Indeed, as DeVita points out, besides its well-demonstrated role in treating hematological malignancies, chemotherapy now has a role in the primary treatment of advanced malignancies such as bladder cancer, breast cancer, cervical cancer, colorectal cancer, esophageal cancer, gastric cancer, head and neck cancer, nasopharyngeal cancer, non-small cell lung cancer, ovarian cancer, pancreatic cancer, and prostate cancer. It’s also used to prolong survival in the adjuvant setting for breast cancer, colorectal cancer, cervical cancer, gastric cancer, head and neck cancer, pancreas cancer, melanoma, non-small cell lung cancer, osteogenic sarcoma, and ovarian cancer. I must admit, though, I’m a bit surprised that other soft tissue sarcomas weren’t included on the list.
Chemotherapy and cancer
I’m no Pollyanna, as I’m sure regular readers realize. You just have to read my posts over the years about screening for cancer or how little better newer drugs seem to be than old drugs used to treat cancer to see that. I realize that chemotherapy is imperfect and doesn’t work well for a lot of cancers. Many of the drugs cause bad side effects, and, as I’ve explained before, in the adjuvant setting you have to treat a lot of patients to benefit relatively few. I also realize that chemotherapy is sometimes oversold. At the same time, I also know that now is the best time there has ever been for treating cancer with drugs. Targeted agents allow us to attack more precisely the molecular derangements driving cancer growth with lower toxicity. Molecular profiling is paving the way for precision medicine, in which someday (or so we hope) we will be able to target treatments to the specific abnormalities in a specific patient’s tumor. Certainly, I have no illusion of how difficult this is to accomplish, but I do believe that over time we will find ways to do it.

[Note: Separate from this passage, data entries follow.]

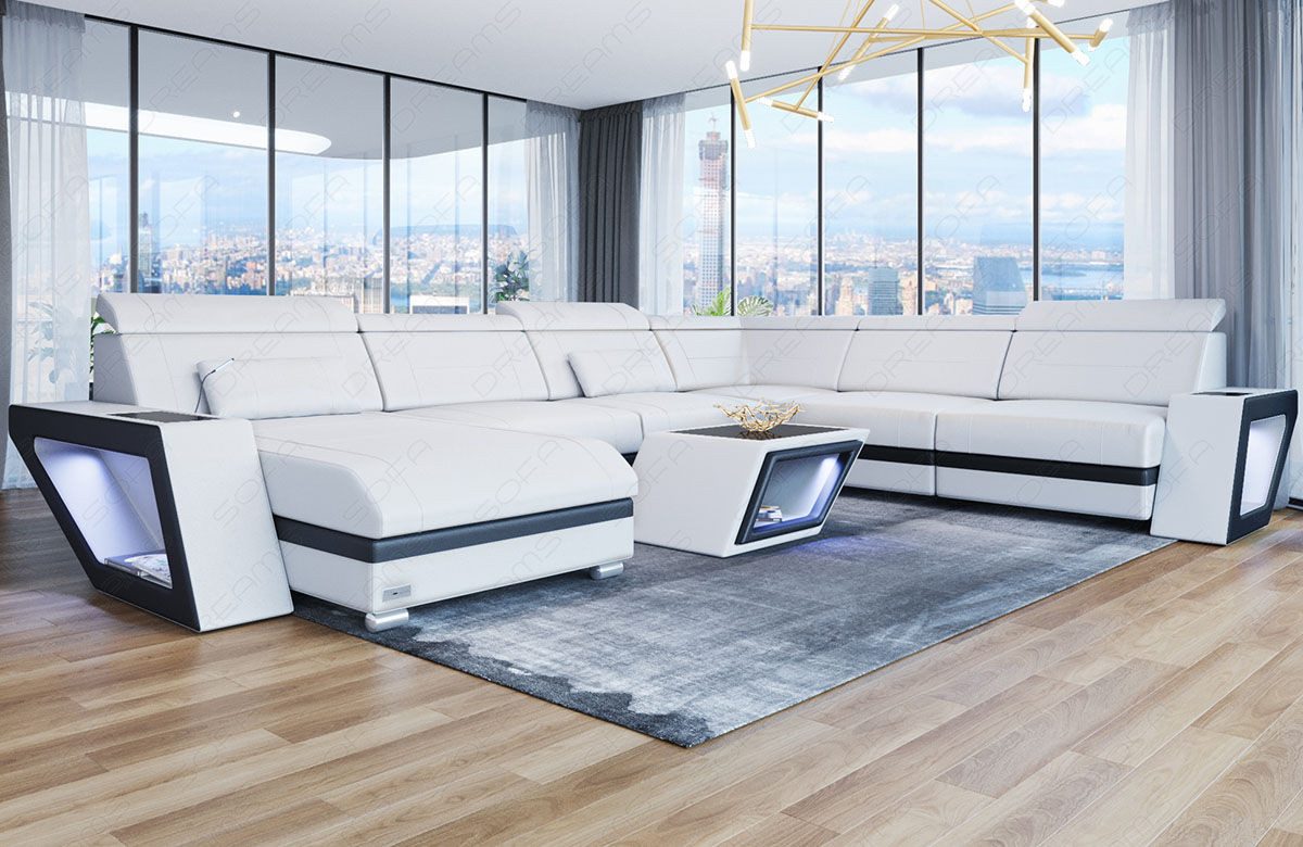 Ein besonderes Highlight des Catania Sofas ist die integrierte LED-Beleuchtung mit Farbwechsel, die per Fernbedienung gesteuert wird und für ein stimmungsvolles Ambiente sorgt. Zudem verfügt das Sofa über praktische USB-Anschlüsse, damit Sie Ihre Geräte immer griffbereit aufladen können.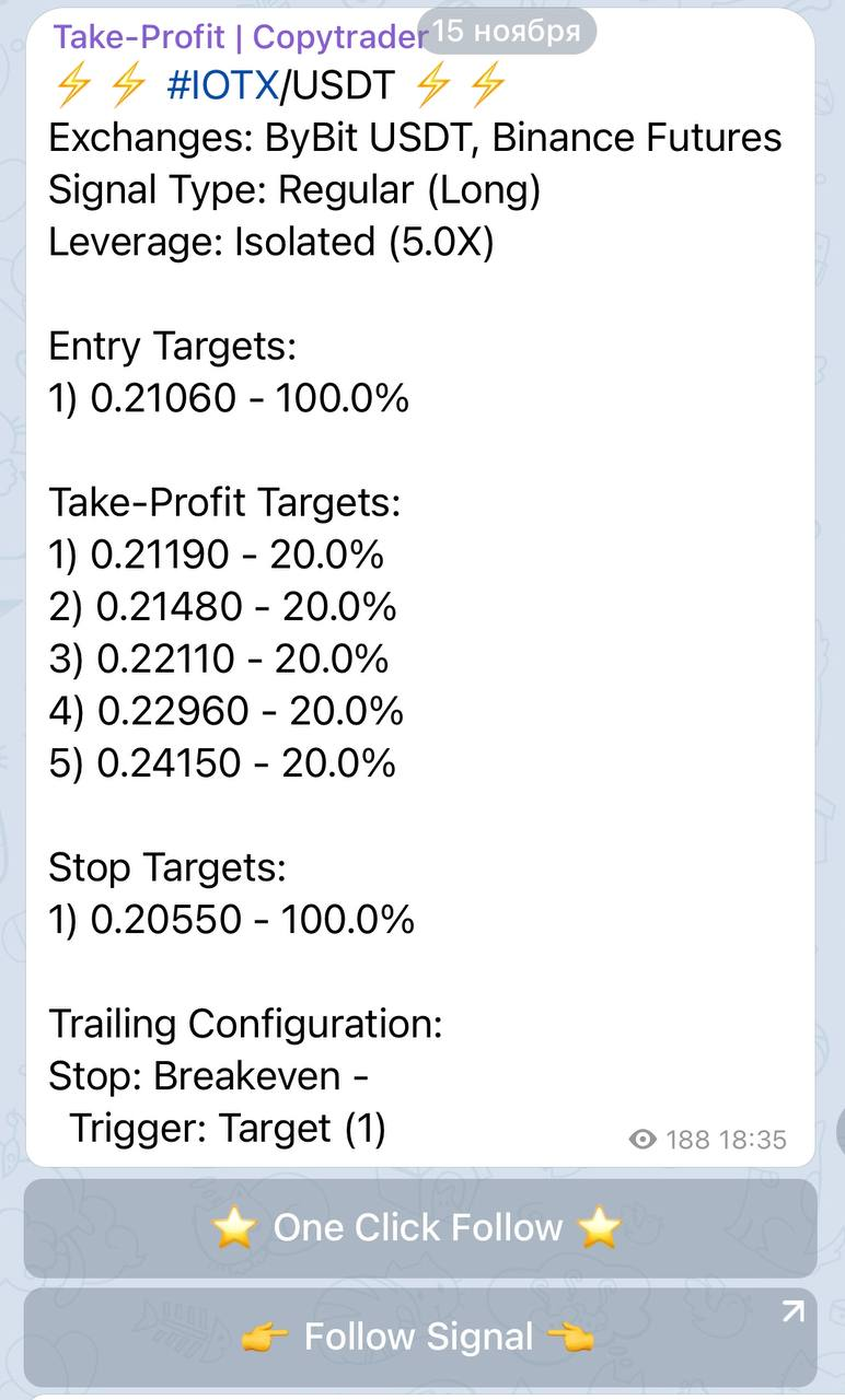 👉 Follow Signal 👈 – ручная настройка сделки перед её выполнением. После нажатия вы попадаете в бота, который задает вам вопросы по типу на какой % от свободных средств будем заходить в сделку, по каким целям выходить и т.д.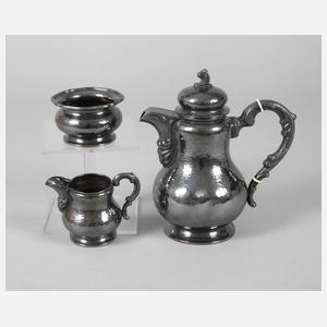 wohl um 1890, gestempelt Halbmond, Krone, 925, Herstellermonogramm ERD für Ernst Strohbach Rudolf Schöne, Dresdner Silberwarenfabrik, martelliert, Griffe und Ausgüsse mit floralen Reliefs verziert, seitlich scharnierter Klappdeckel, angelaufen, in ungeputztem und unbenutztem Zustand, H Kanne 18 cm, G ca. 526 g.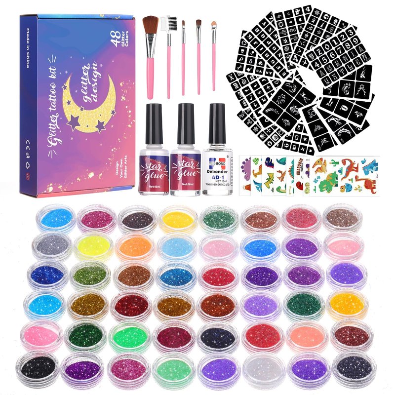 - ⭐Glitter tattoo kit for kids includes 48 colors of flash glitter, 318pcs stencils, 2 glues, 1Tattoo Remover,5 brushes and 10 Sheets Tattoo Stickers. The Temporary Glitter Tattoos set helps girls, boys shine all over the party with the unique sparkling body art
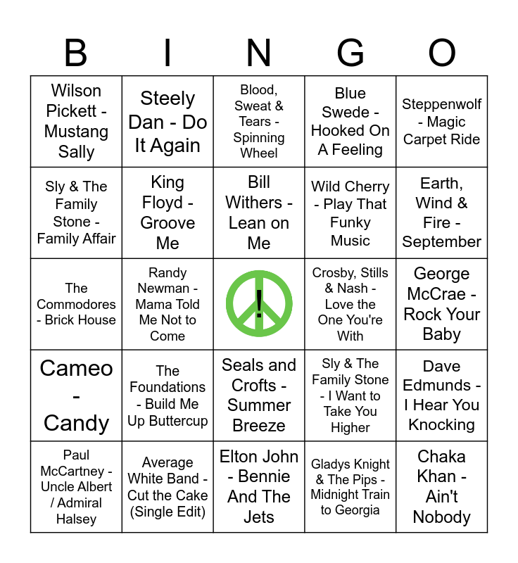 This bingo card has a free space and 50 words: The Beatles - A Hard Day's Night, Chaka Khan - Ain't Nobody, Four Tops - Baby I Need Your Loving, Elton John - Bennie And The Jets, The Foundations - Build Me Up Buttercup, DJ 70's Party Mix - Can't Get Enough of Your Love Baby, Steely Dan - Do It Again, Creedence Clearwater Revival - Down On The Corner, Sly & The Family Stone - Family Affair, Ohio Players - Fire (Ohio Players), King Floyd - Groove Me, Blue Swede - Hooked On A Feeling, Dave Edmunds - I Hear You Knocking, Sly & The Family Stone - I Want to Take You Higher, Harold Melvin & The Blue Notes - If You Don't Know Me by Now (feat. Teddy Pendergrass), The Rolling Stones - Jumpin' Jack Flash, Bill Withers - Lean on Me, Crosby, Stills & Nash - Love the One You're With, War - Low Rider, Steppenwolf - Magic Carpet Ride, Randy Newman - Mama Told Me Not to Come, Gladys Knight & The Pips - Midnight Train to Georgia, Wilson Pickett - Mustang Sally, Wild Cherry - Play That Funky Music, Aretha Franklin - Respect, Elton John - Rocket Man (I Think It's Going To Be A Long, Long Time), Earth, Wind & Fire - September, Ohio Players - Skin Tight, Blood, Sweat & Tears - Spinning Wheel, Seals and Crofts - Summer Breeze, The Guess Who - American Woman, Looking Glass - Brandy (You're a Fine Girl), Rose Royce - Car Wash, Harry Nilsson - Coconut, Average White Band - Cut the Cake (Single Edit), The Monkees - Daydream Believer, Pockets - Come Go With Me, War - Slippin' Into Darkness, The O'Jays - Back Stabbers, George McCrae - Rock Your Baby, Tony Orlando - Knock Three Times, Fleetwood Mac - Dreams (Live at Palais du Sport, Paris, France, 6/14/1980), Janis Joplin - Me and Bobby McGee, Janis Joplin - Me and Bobby McGee, Paul McCartney - Uncle Albert / Admiral Halsey, The Commodores - Brick House, Heatwave - Always and Forever, The Staple Singers - I'll Take You There, Cameo - Candy and Lakeside - Fantastic Voyage.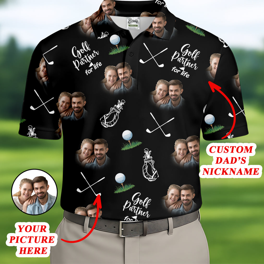 Golf Partner For Life Custom Photo Black Golf Tops For Men, Valentines Golf Gift, Golf Gift For Men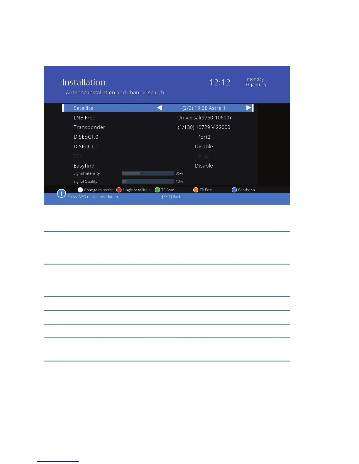 DiSEqC1.0 Select the port to which you have connected the DiSEqC.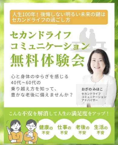 人生100年!後悔しない明るい未来の鍵はセカンドライフの過ごし方「セカンドライフコミュニケーション」無料体験講座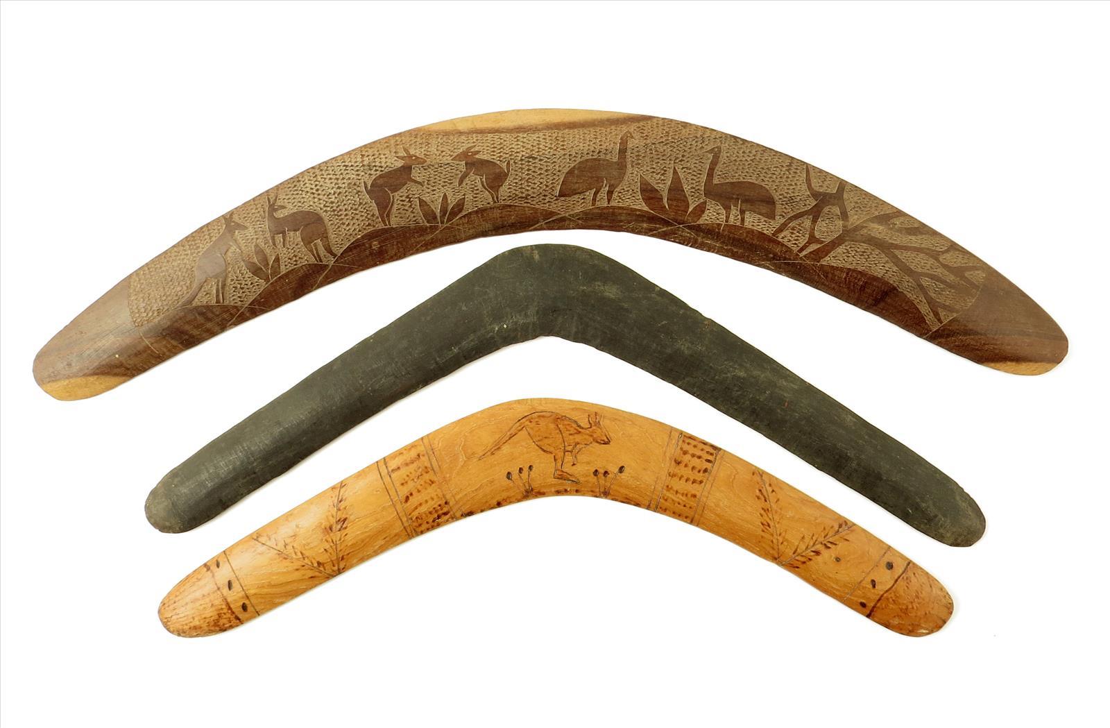Three Australian boomerangs; one decorated native animals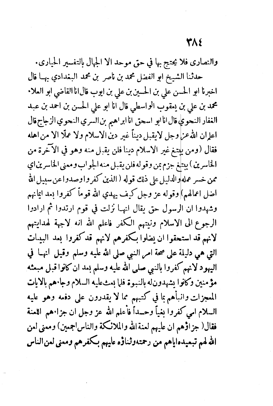 حَدَّثَنَا الشَّيْخُ أَبُو الْفَضْلِ مُحَمَّدُ بْنُ نَاصِرِ بْنِ مُحَمَّدٍ الْبَغْدَادِيّ بهَا قَالَ أَخْبَرَنَا أَبُو الْحَسَنِ عَلِيُّ بْنُ الْحُسَيْنِ بْنِ عَليّ بن أَيُّوب قَالَ أَنا الْقَاضِي أَبُو الْعَلَاء مُحَمَّد بن يَعْقُوب الوَاسِطِيّ قَالَ أَنا أَبُو عَلِيٍّ الْحَسَنُ بْنُ أَحْمَدَ بْنِ عَبْدِ الْغفار النَّحْوِيّ قَالَ أَنا أَبُو اسحق أَنا إِبْرَاهِيمُ بْنُ السَّرِيِّ النَّحْوِيّ الزّجاج قَالَ أعلم أَن الله عزوجل لَا يقبل دينا غير دين الْإِسْلَام وَلَا عملا إِلَّا من أَهله فَقَالَ {وَمَنْ يَبْتَغِ غَيْرَ الإِسْلامِ دِينًا فَلَنْ يُقْبَلَ مِنْهُ وَهُوَ فِي الآخِرَةِ مِنَ الْخَاسِرِينَ} يبتغ جزم بِمن وَقَوله فَلَنْ يقبل مِنْهُ الْجَواب ومعني الخاسرين أَي مِمَّن خسر عمله وَالدَّلِيل على ذَلِك قَوْله {الَّذين كفرُوا وصدوا عَن سَبِيل الله أضلّ أَعْمَالهم} وَقَوله عزوجل كَيْفَ يَهْدِي اللَّهُ قَوْمًا كَفَرُوا بَعْدَ إِيمَانِهِمْ وَشَهِدُوا أَنَّ الرَّسُولَ حق يُقَال إِنَّهَا نزلت فِي قوم ارْتَدُّوا ثمَّ أَرَادوا الرُّجُوع إِلَى الْإِسْلَام ونيتهم الْكفْر فَأعْلم اللَّه أَنه لَا جِهَة لهدايتهم لأَنهم قد استحقوا أَن يضلوا بكفرهم لأَنهم قد كفرُوا بعد البينَات الَّتِي هِيَ دليلة على صِحَة أَمر النَّبِي صَلَّى اللَّهُ عَلَيْهِ وَسَلَّمَ وَقيل إِنَّهَا فِي الْيَهُود لأَنهم كفرُوا بِالنَّبِيِّ صَلَّى اللَّهُ عَلَيْهِ وَسلم بعد كَانُوا قبل مبعثه مُؤمنين وَكَانُوا يشْهدُونَ لَهُ بالبنبوة فَلَمَّا بعث عَلَيْهِ السَّلَام وجاءهم بِالْآيَاتِ المعجزات وأنبأهم بِمَا فِي كتبهمْ مِمَّا لايقدرون على دَفعه وَهُوَ عَلَيْهِ السَّلَام أُمِّي كفرُوا بغيا وحسدا فَأعْلم الله عزوجل أَن جزاءهم اللَّعْنَة فَقَالَ {جَزَاؤُهُمْ أَنَّ عَلَيْهِمْ لَعْنَةَ اللَّهِ وَالْمَلائِكَةِ وَالنَّاس أَجْمَعِينَ} وَمعنى لعن اللَّه لَهُم تبعيده إيَّاهُم من رَحمته وثنَاؤه عَلَيْهِم بكفرهم وَمعنى لعن النَّاس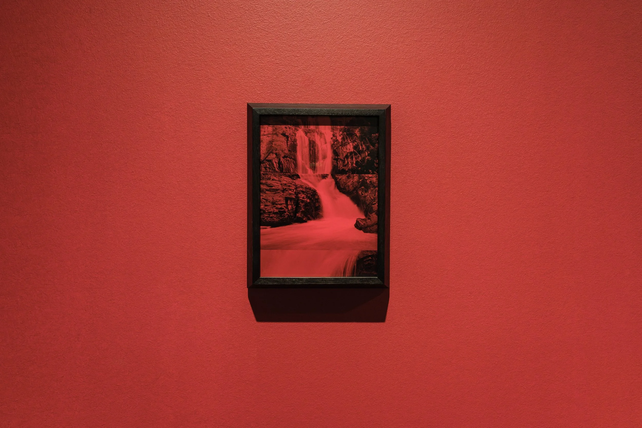 While each collage in this series suggests a unified, continuous landscape, it is in fact assembled from distinct locations, with no place appearing twice within a single image. I dressed each portal with shades of unforgettable and unforgivable red, symbolising the duality of violence and passion, corruption and yearning—a visceral terror and love that sits uncomfortably close. The works remind me of both bloodshed and the blood coursing through my veins, connecting me to the Indigenous continuum, both materially and psychologically, enduring beyond the designs of colonial power. Only now that I have decided these will be artworks, and this series is complete, have I come to understand that what I was seeking was solace, which I find in all the breaks in the sunder. This piecemeal fragmentation and the final, finished outcome are both wound and opening.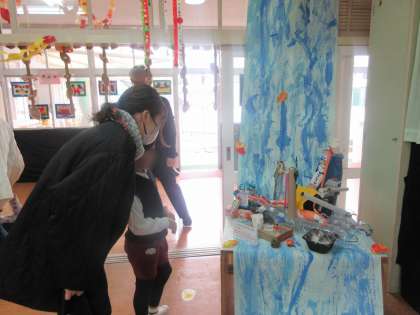 おうちの方に作品についてお話したり、一緒に見て回ったりし、楽しかったですね♪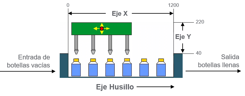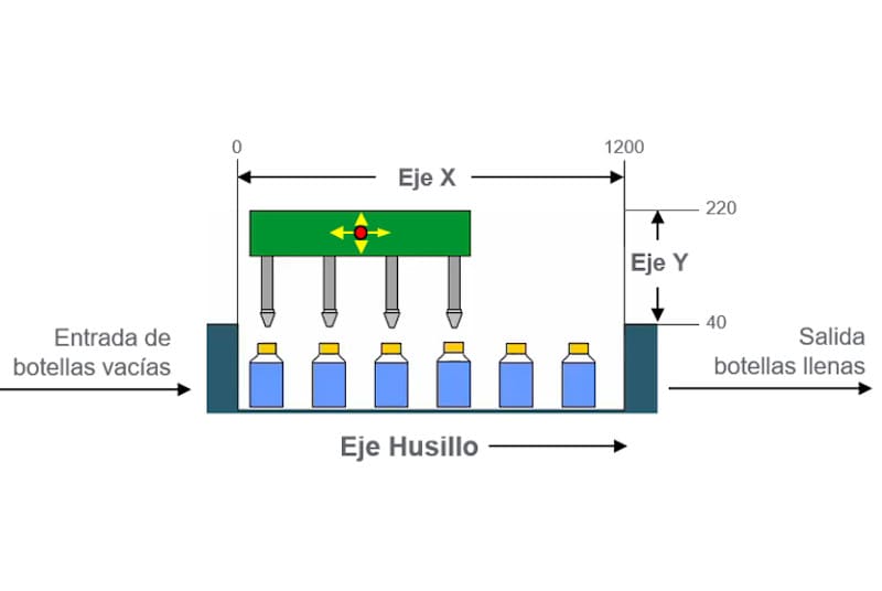 The bottles advance at a constant speed (according to the recipe value) driven by the spindle axis. The carriage (in green), which moves the filling nozzles, has two axes of movement, X and Y. The cycle starts with the carriage waiting in its left position and a few mm above the bottles. It synchronizes its movement with the spindle axis while lowering the Y axis and inserting the nozzles into the bottom of the bottles. As they advance, the X axis remains in synchronization with the spindle, the Y axis gradually rises, and the bottles are filled. Finally, it rises to the waiting position outside the bottles, and the X axis returns to the initial point waiting for the next cycle.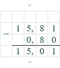 $15,81 - 0,8 = 15,81 - 0,80 = 15,01$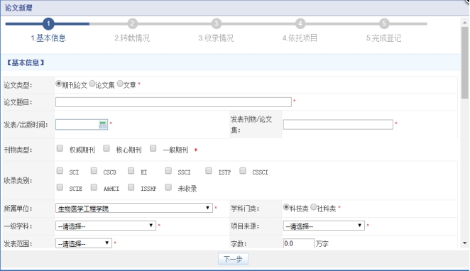 公司入职教师基本信息已录入校科研系统,请老师们抽时间把已有的项目、科研成果等录入该系统。所有成果在录入系统时,均需列出英国正版365官方网站校内参与者的中文姓名。如参与者过多,可只列主要参与者。当参与者中有本科生、硕士生、博士生,须各列出至少一名本科生、硕士生、博士生的中文姓名,并备注其年级信息。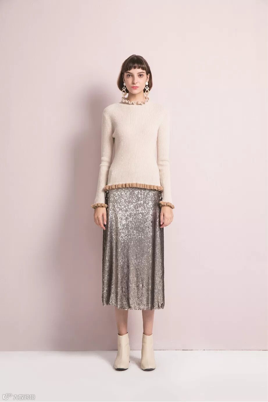 粉色系聚焦在清爽的色系中,使整个粉色系介于冷暖中间。在与柔软毛衫碰撞下,产生一种协调的对比。使整个色系透露着清晰明朗的氛围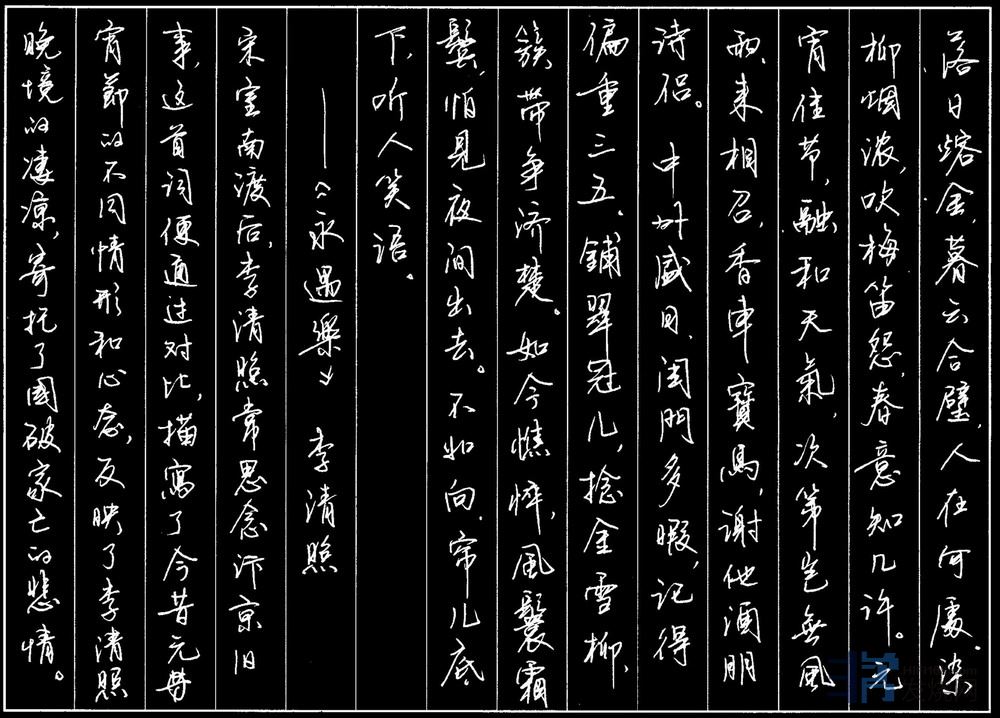 宋词与书法之美,硬笔书苏东坡与李清照词(摘自网络):

It’s helpful to look at the scope of advances over the last 100 years or so, as provided in these helpful diagrams in DeVita’s article:
As slow as it seems to those of us living it, cancer research has produced a lot of breakthroughs. Those who wonder why we haven’t cured “cancer” yet should read earlier posts I’ve written on the topic. Cancer is hard. Real hard. It is also hundreds of diseases, not some monolithic disease, just as chemotherapy is dozens of drugs and hundreds of drug combinations, not some monolithic mythical “chemotherapy.” It is not reasonable to expect that a span of a mere few decades or even a century is enough to cure all cancer. We have, however, brought the cure of several cancers within reach and do actually cure many cancers. Also, contrary to popular belief, the death rate from cancer is decreasing. In the US, it’s been decreasing for nearly the last 25 years, as shown in this graph from the most recent American Cancer Society statistics:
Note that this is happening even as the age-adjusted incidence of cancer is remaining steady or slightly increasing. Fewer and fewer people with cancer die of their disease. I realize that this is no consolation to anyone who has lost loved ones to the disease (as I have), but it does give hope for the future.
And, yes, promoters of alternative cancer cures can deny it all they like, but chemotherapy is indeed a major part of the reason for better outcomes and more hope in cancer. “Cut, poison, burn”? Well, yes. Unfortunately, that’s what works, including the “poison” part. Until we find something that works without as much morbidity, “cut, poison, burn” will have to do.
That reminds me. I really need to review the movie of the same title.